(Stored data begins)

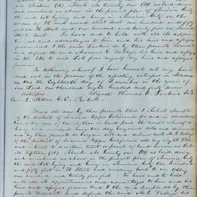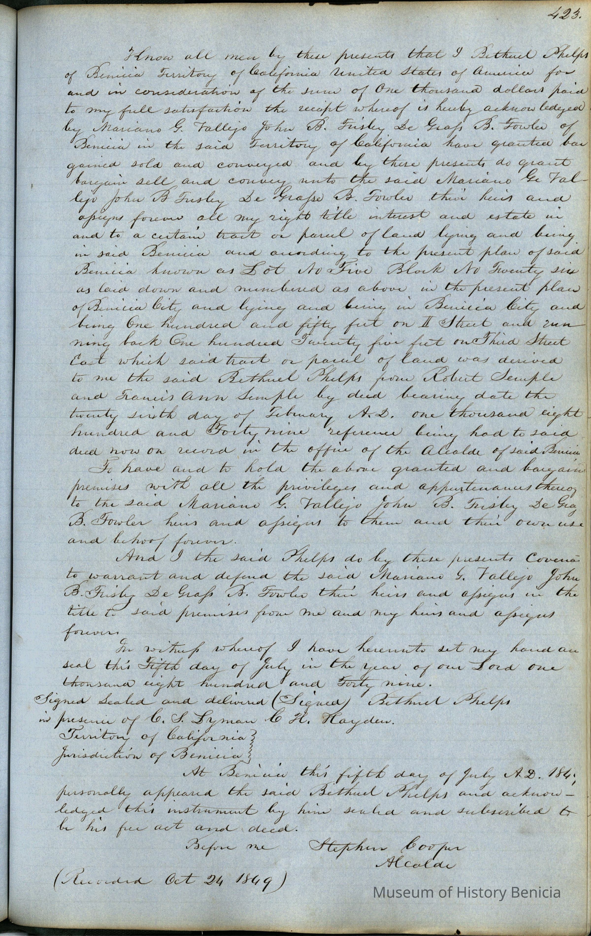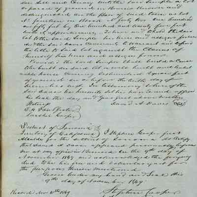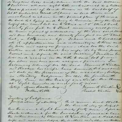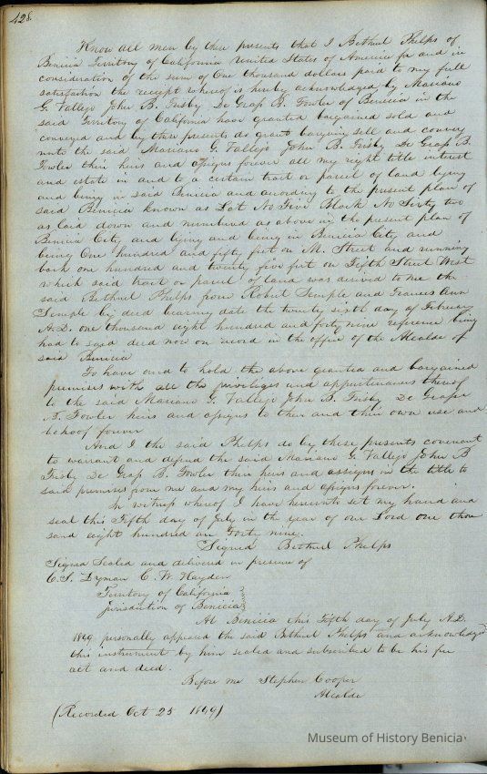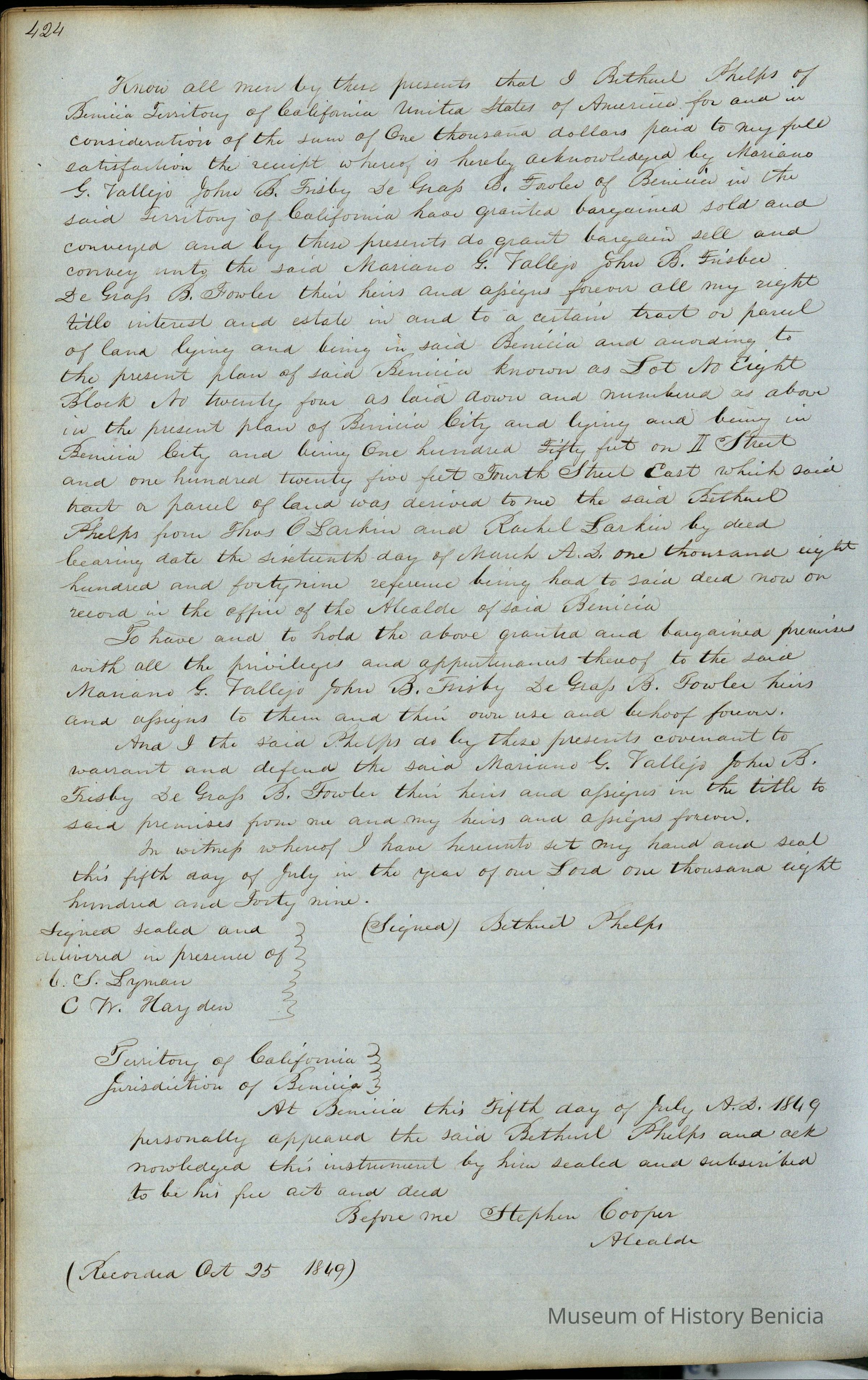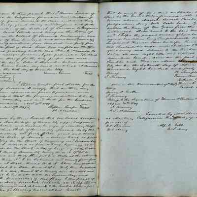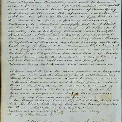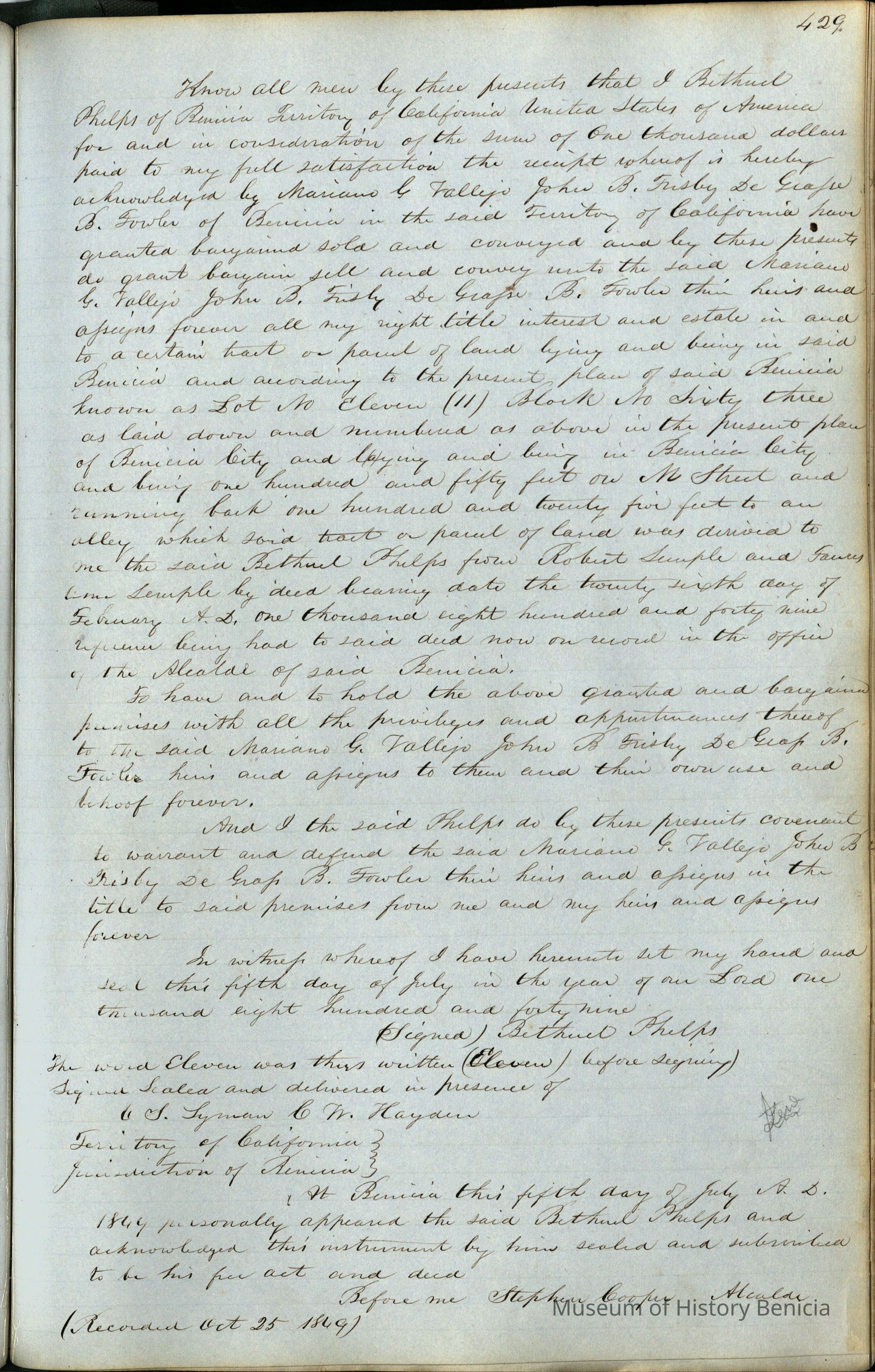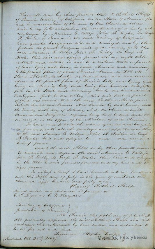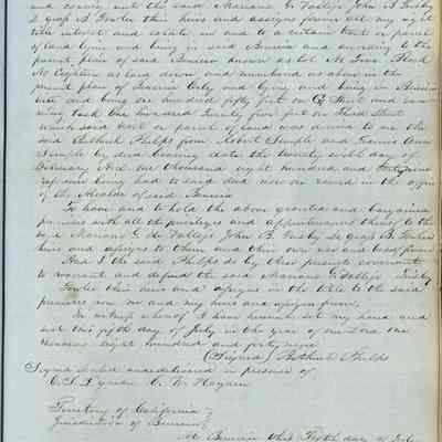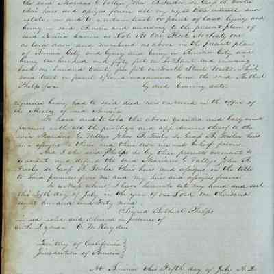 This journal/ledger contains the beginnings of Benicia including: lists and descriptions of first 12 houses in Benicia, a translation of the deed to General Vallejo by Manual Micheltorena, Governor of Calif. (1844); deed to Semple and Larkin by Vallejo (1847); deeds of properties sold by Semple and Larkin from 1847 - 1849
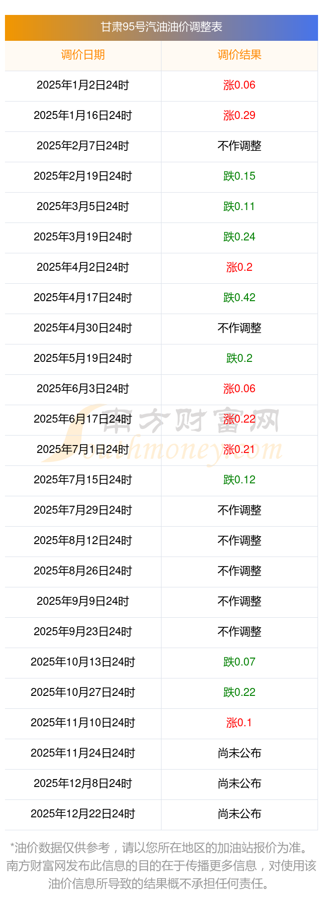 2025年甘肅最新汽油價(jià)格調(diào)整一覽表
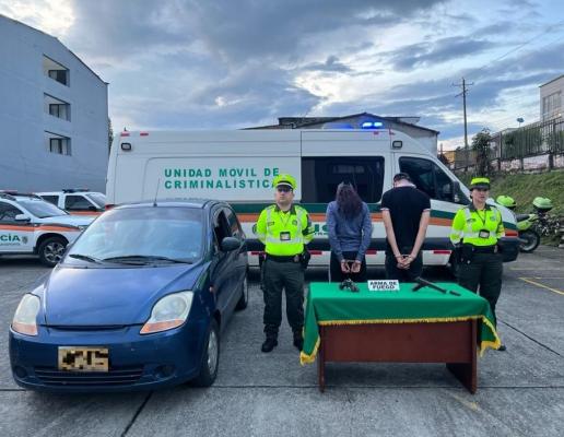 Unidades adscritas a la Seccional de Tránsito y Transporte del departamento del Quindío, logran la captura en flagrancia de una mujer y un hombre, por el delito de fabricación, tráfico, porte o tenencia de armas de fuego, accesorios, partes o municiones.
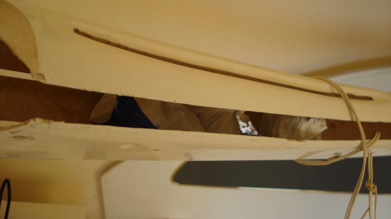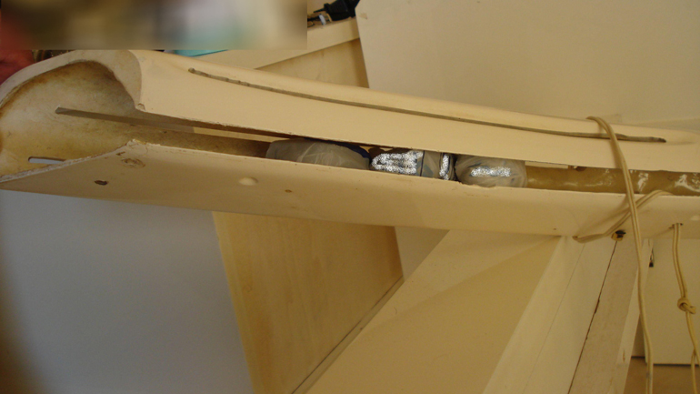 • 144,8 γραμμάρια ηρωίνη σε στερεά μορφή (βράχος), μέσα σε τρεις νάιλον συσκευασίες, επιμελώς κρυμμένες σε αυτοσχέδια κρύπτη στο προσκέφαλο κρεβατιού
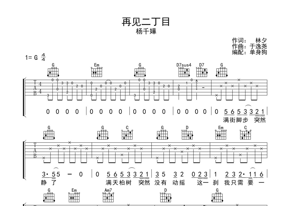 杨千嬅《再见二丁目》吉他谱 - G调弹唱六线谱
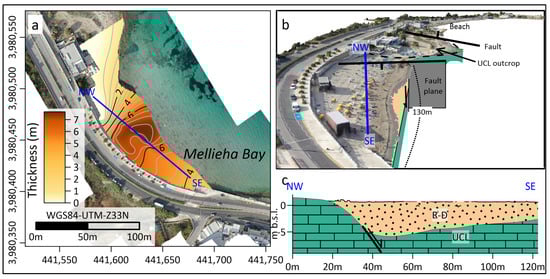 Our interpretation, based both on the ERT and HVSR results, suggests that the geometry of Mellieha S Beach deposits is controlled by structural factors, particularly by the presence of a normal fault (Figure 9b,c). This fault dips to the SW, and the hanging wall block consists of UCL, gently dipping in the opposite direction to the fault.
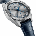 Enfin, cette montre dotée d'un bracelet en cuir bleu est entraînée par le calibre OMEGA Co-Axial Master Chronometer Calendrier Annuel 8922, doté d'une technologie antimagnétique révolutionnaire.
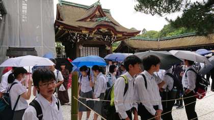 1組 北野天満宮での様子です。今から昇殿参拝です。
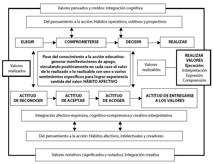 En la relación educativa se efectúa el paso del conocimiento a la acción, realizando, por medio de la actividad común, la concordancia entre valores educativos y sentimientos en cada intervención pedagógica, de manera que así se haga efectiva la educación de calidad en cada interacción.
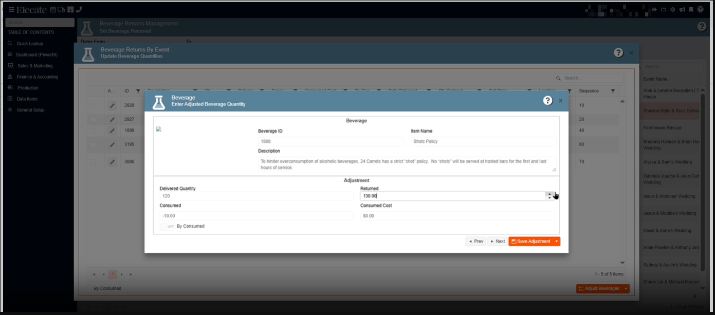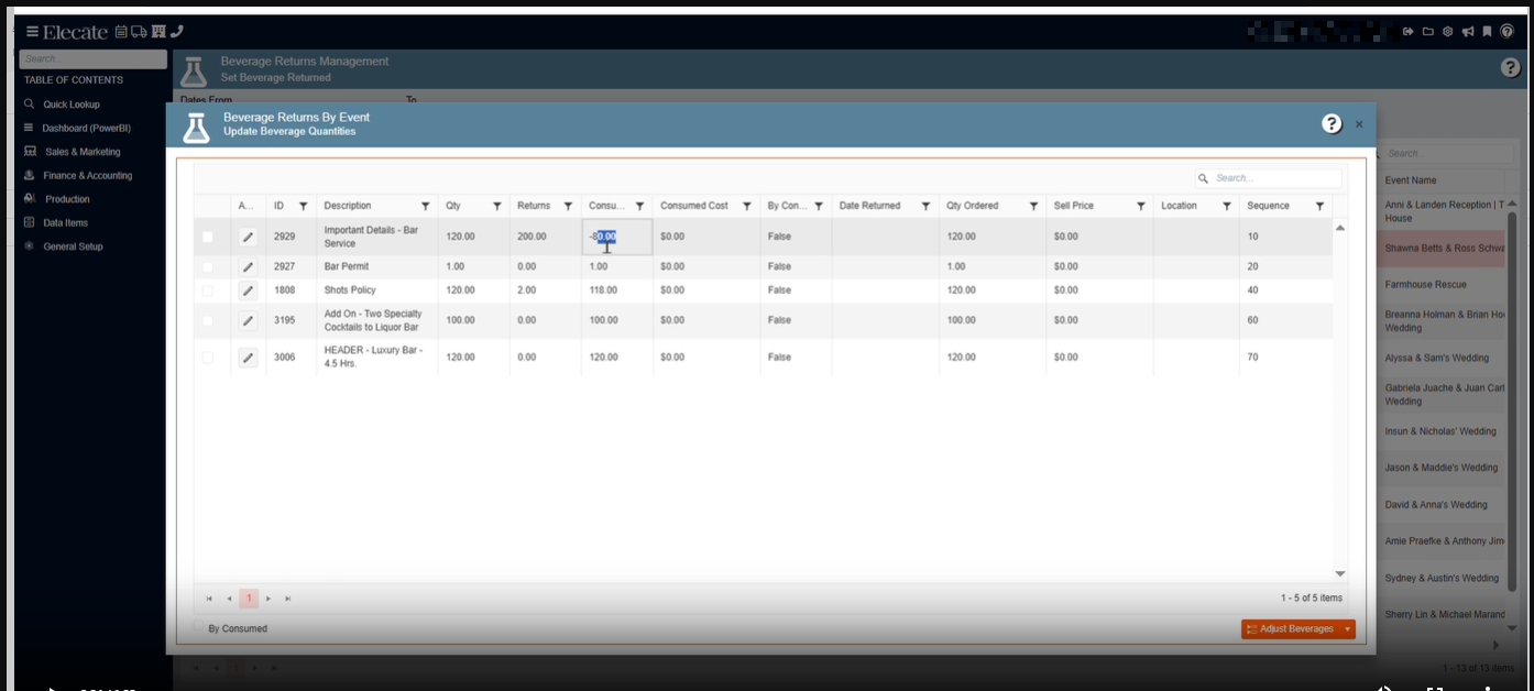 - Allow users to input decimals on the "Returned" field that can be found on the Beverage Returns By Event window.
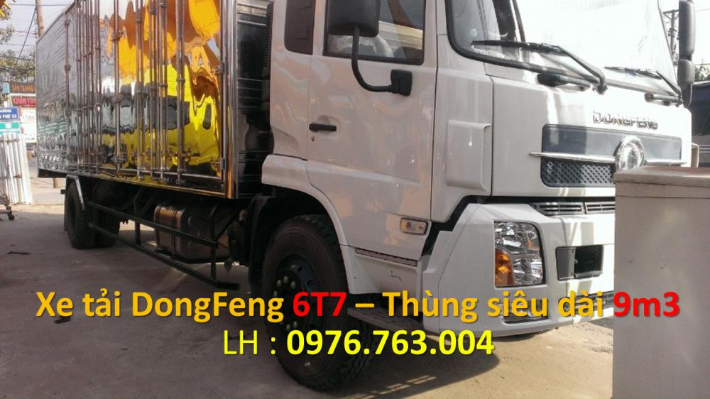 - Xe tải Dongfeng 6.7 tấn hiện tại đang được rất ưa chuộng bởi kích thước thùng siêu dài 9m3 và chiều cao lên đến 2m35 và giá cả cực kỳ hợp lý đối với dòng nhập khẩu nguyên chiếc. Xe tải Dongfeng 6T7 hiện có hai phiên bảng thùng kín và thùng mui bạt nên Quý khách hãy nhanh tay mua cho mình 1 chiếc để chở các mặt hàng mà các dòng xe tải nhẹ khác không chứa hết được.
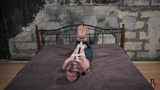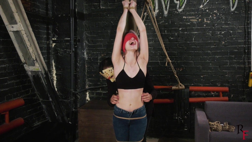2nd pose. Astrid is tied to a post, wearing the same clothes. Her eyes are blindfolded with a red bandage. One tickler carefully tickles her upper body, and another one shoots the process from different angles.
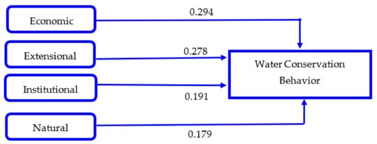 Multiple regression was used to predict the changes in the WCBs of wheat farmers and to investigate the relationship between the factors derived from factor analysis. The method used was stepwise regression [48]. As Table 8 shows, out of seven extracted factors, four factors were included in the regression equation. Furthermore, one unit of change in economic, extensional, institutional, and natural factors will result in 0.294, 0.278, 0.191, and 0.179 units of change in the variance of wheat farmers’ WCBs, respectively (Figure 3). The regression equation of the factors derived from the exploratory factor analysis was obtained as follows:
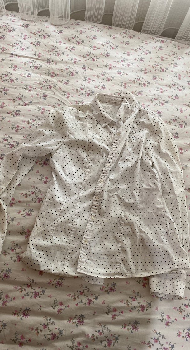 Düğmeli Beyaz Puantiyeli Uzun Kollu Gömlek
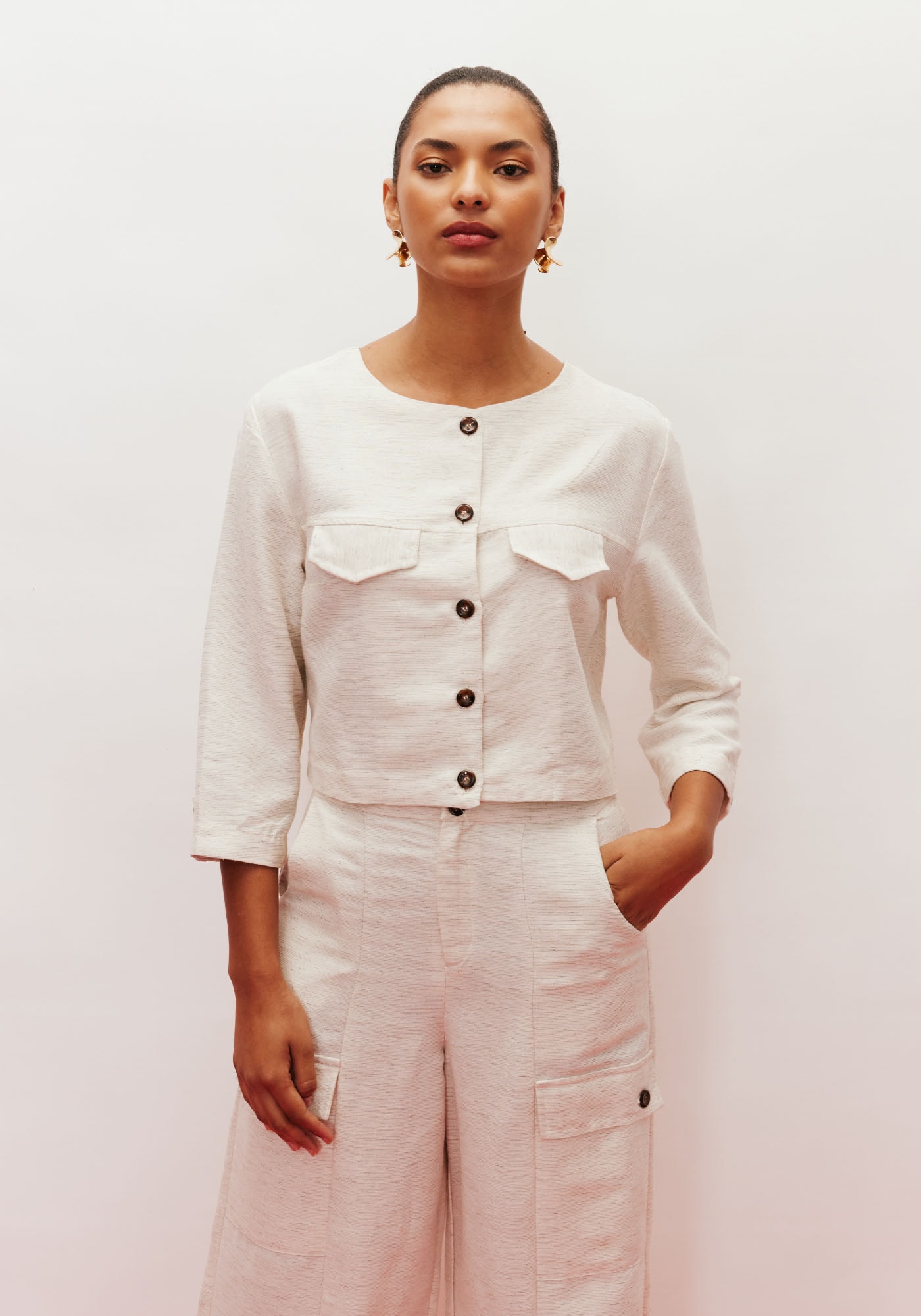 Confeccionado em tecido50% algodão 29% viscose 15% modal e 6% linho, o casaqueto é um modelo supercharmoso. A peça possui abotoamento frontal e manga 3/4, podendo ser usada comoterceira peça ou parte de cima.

(Stored data ends)

▶ [What needs to be done]: The data above is to be printed exactly, all of it, except for the pictures.

▶ [Expected output]:
 This journal/ledger contains the beginnings of Benicia including: lists and descriptions of first 12 houses in Benicia, a translation of the deed to General Vallejo by Manual Micheltorena, Governor of Calif. (1844); deed to Semple and Larkin by Vallejo (1847); deeds of properties sold by Semple and Larkin from 1847 - 1849
 2025年甘肅最新汽油價(jià)格調(diào)整一覽表
 Unidades adscritas a la Seccional de Tránsito y Transporte del departamento del Quindío, logran la captura en flagrancia de una mujer y un hombre, por el delito de fabricación, tráfico, porte o tenencia de armas de fuego, accesorios, partes o municiones.
 • 144,8 γραμμάρια ηρωίνη σε στερεά μορφή (βράχος), μέσα σε τρεις νάιλον συσκευασίες, επιμελώς κρυμμένες σε αυτοσχέδια κρύπτη στο προσκέφαλο κρεβατιού
 杨千嬅《再见二丁目》吉他谱 - G调弹唱六线谱
 Our interpretation, based both on the ERT and HVSR results, suggests that the geometry of Mellieha S Beach deposits is controlled by structural factors, particularly by the presence of a normal fault (Figure 9b,c). This fault dips to the SW, and the hanging wall block consists of UCL, gently dipping in the opposite direction to the fault.
 Enfin, cette montre dotée d'un bracelet en cuir bleu est entraînée par le calibre OMEGA Co-Axial Master Chronometer Calendrier Annuel 8922, doté d'une technologie antimagnétique révolutionnaire.
 1組 北野天満宮での様子です。今から昇殿参拝です。
 En la relación educativa se efectúa el paso del conocimiento a la acción, realizando, por medio de la actividad común, la concordancia entre valores educativos y sentimientos en cada intervención pedagógica, de manera que así se haga efectiva la educación de calidad en cada interacción.
 - Allow users to input decimals on the "Returned" field that can be found on the Beverage Returns By Event window.
 - Xe tải Dongfeng 6.7 tấn hiện tại đang được rất ưa chuộng bởi kích thước thùng siêu dài 9m3 và chiều cao lên đến 2m35 và giá cả cực kỳ hợp lý đối với dòng nhập khẩu nguyên chiếc. Xe tải Dongfeng 6T7 hiện có hai phiên bảng thùng kín và thùng mui bạt nên Quý khách hãy nhanh tay mua cho mình 1 chiếc để chở các mặt hàng mà các dòng xe tải nhẹ khác không chứa hết được.
2nd pose. Astrid is tied to a post, wearing the same clothes. Her eyes are blindfolded with a red bandage. One tickler carefully tickles her upper body, and another one shoots the process from different angles.
 Multiple regression was used to predict the changes in the WCBs of wheat farmers and to investigate the relationship between the factors derived from factor analysis. The method used was stepwise regression [48]. As Table 8 shows, out of seven extracted factors, four factors were included in the regression equation. Furthermore, one unit of change in economic, extensional, institutional, and natural factors will result in 0.294, 0.278, 0.191, and 0.179 units of change in the variance of wheat farmers’ WCBs, respectively (Figure 3). The regression equation of the factors derived from the exploratory factor analysis was obtained as follows:
 Düğmeli Beyaz Puantiyeli Uzun Kollu Gömlek
 Confeccionado em tecido50% algodão 29% viscose 15% modal e 6% linho, o casaqueto é um modelo supercharmoso. A peça possui abotoamento frontal e manga 3/4, podendo ser usada comoterceira peça ou parte de cima.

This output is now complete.